To be true to this mission, JID Innovations will be initiating DAPR starting in October 2022. This is not being done because we are aware of any issues of bias with our current process of peer review but because we realize that the absence of proof is not proof of absence. As a part of this process, authors will be asked to remove identifying material from manuscripts at the time of submission in preparation for the review process (https://www.jidinnovations.org/content/authorinfo). As a result, primary reviewers will see only the what of the manuscript. We realize that this process involves extra work for both the authors and our staff, but we feel the benefits will outweigh this small cost. Indeed, in other journals that have taken this step, surveys have shown that both authors and reviewers ultimately prefer double-anonymized reviews (
Bennett et al., 2018
; Moylan et al., 2014
). We realize that achieving 100% anonymization of a manuscript is nearly impossible. Studies have shown that the rate of successful anonymizing, where the reviewers cannot discern the authorship of a manuscript, ranged from 47 to 73%. It is however interesting that even with this rate of success in the anonymizing process, a meta-analysis of trials of double- versus that of single-blind peer review has suggested an impact, with lower acceptance rates with double-anonymized peer review (Ucci et al., 2022
). More work clearly needs to be done to assess the value of the DAPR process, and we will be monitoring our results carefully.The institution of DAPR in JID Innovations will assure our authors that the what of their manuscript is our focus. It does not matter who you are or where you are from. It will also emphasize to our reviewers that our focus is on the what. We will be carefully monitoring the results of this new policy and plan to report back on our experience. We also welcome your feedback on your experience as a reviewer and author for JID Innovations; send your comments to us at [email protected]

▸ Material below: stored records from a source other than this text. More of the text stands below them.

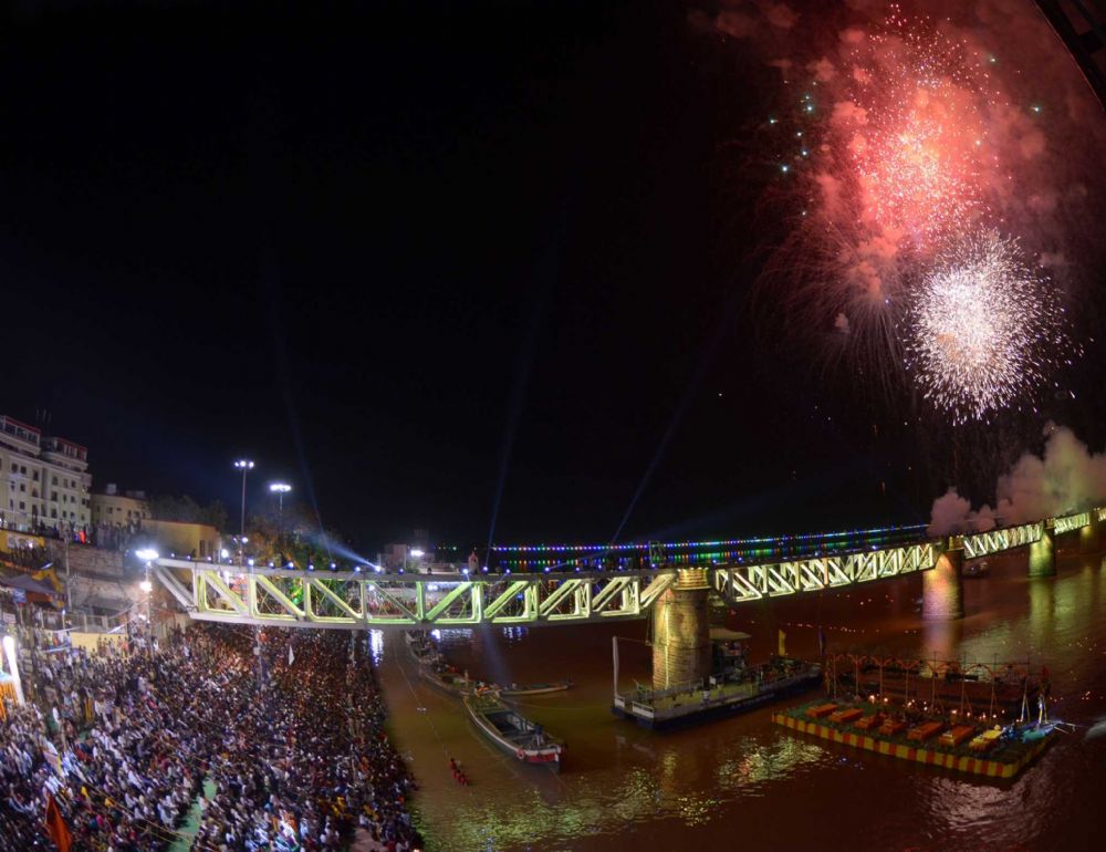The Twelve Day Godavari Pushkarams ended in a colourful display of fireworks and laser show with thousands witnessing the grand event from the Rajahmundry Pushkar Ghat on Saturday Evening.
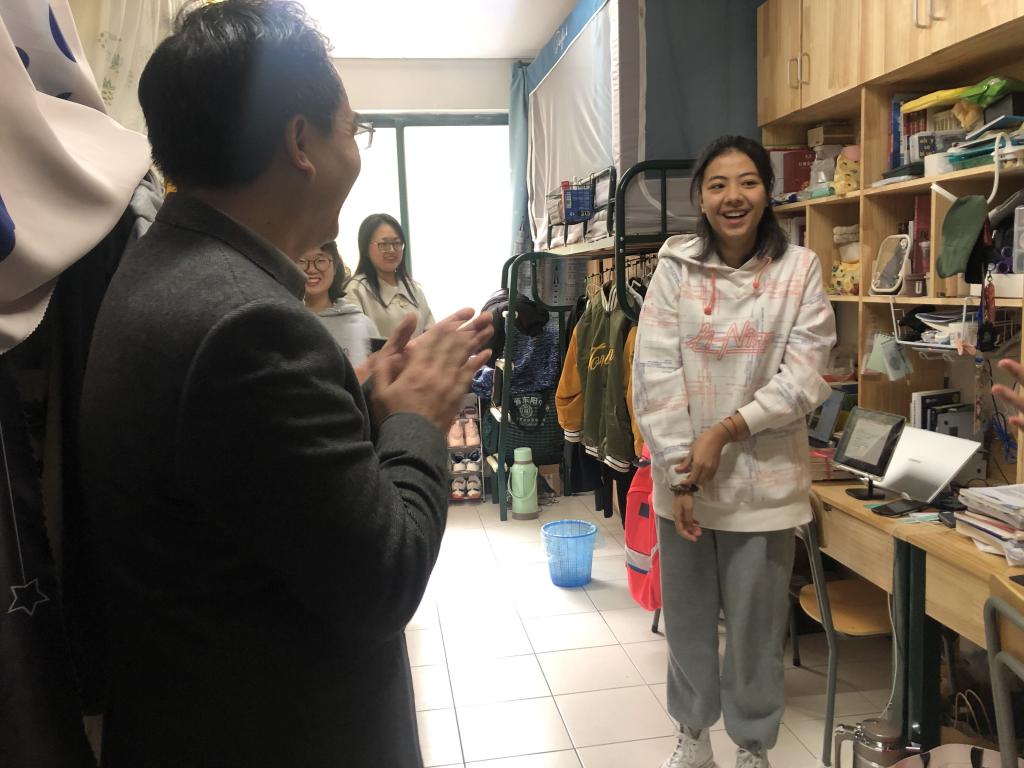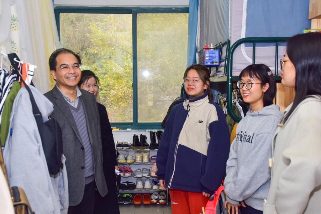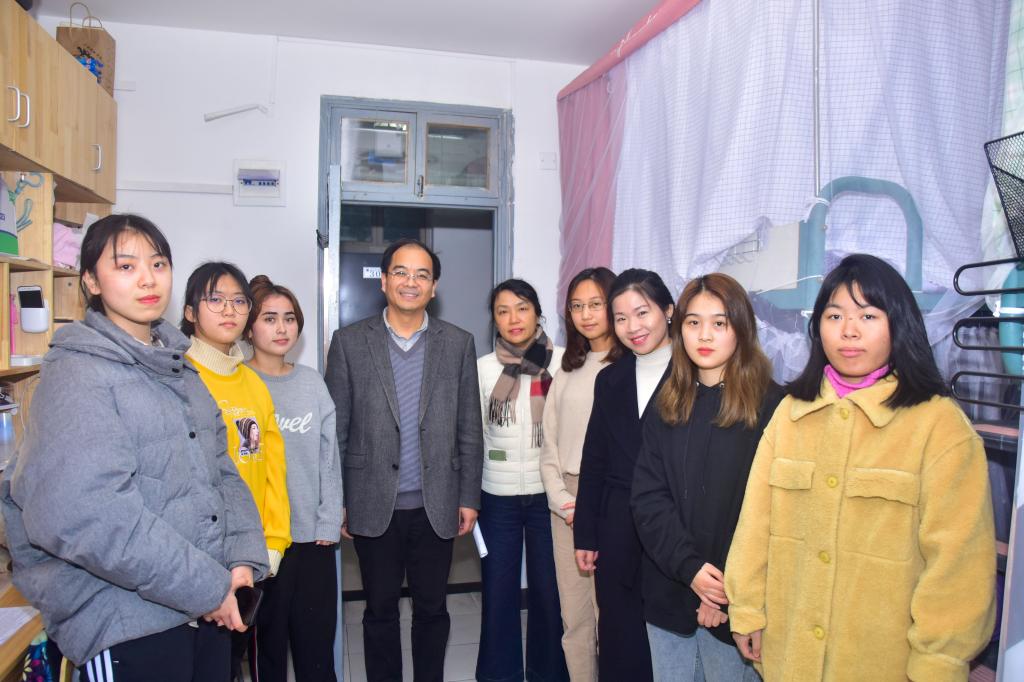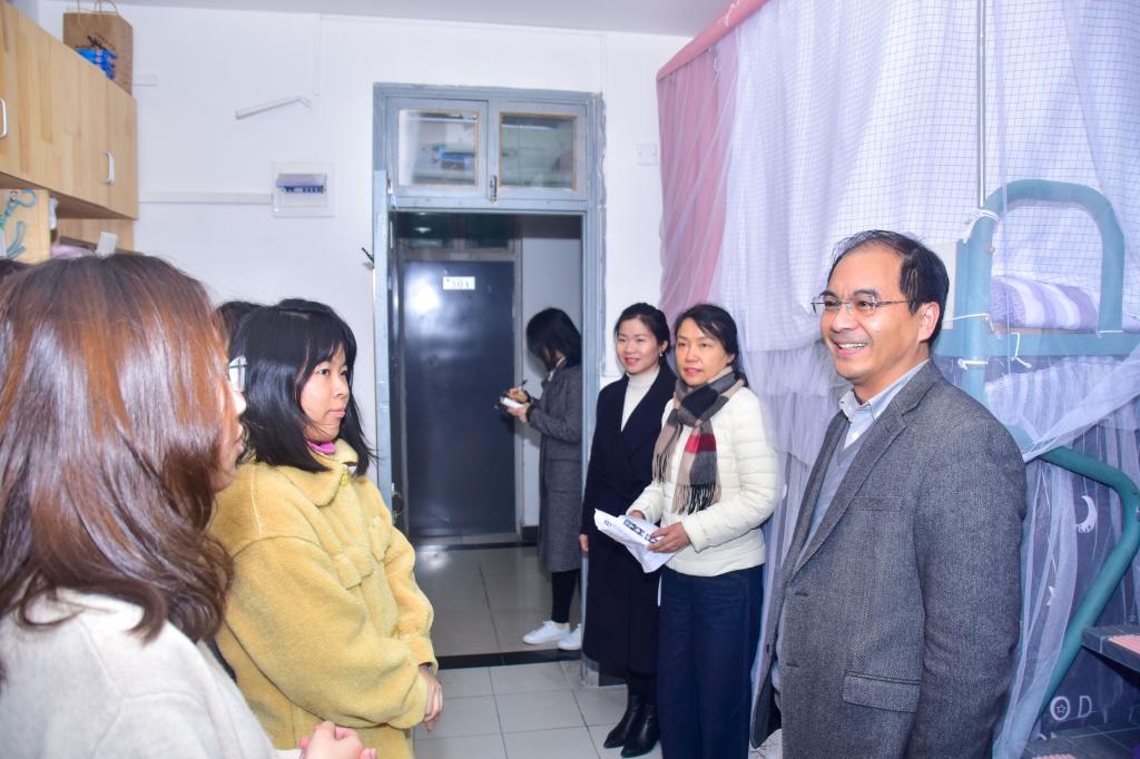 “家乡在哪里,有没有想家”“在学校的两个月了,老员工活还习惯吗”“平时学习和生活过程中有遇到什么困难吗”……徐部长的贴心问候令同学们倍感亲切,大家纷纷积极主动与徐部长交流近况,冬日里的宿舍中充满了别样的温馨。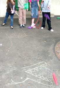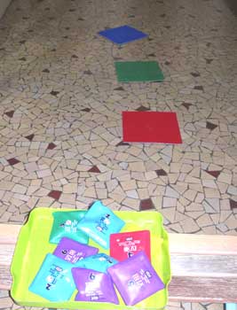 | Chaque enfant se place derrière le banc et lance 2 sacs, si un sac touche le carré rouge, il gagne un point, le vert, 2 points et le bleu 3. | |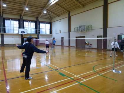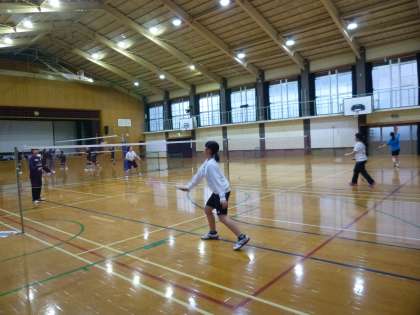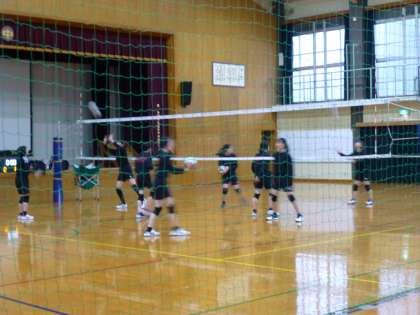 体育館ではバレー部とバドミントン部が練習に励んでいました!

Finally, this decision should be seen not as the end of our efforts to improve the peer review process but merely as a first step. We will continue to work to improve all aspects of the peer review process for JID Innovations. We firmly believe that the use of double-blind -anonymized peer review will bring us closer to ensuring to our authors and readers that the work that is published by JID Innovations has been selected on the basis of what the paper reports and not on who performed the studies or where they were located.
Conflict of Interest
The author states no conflicts of interest.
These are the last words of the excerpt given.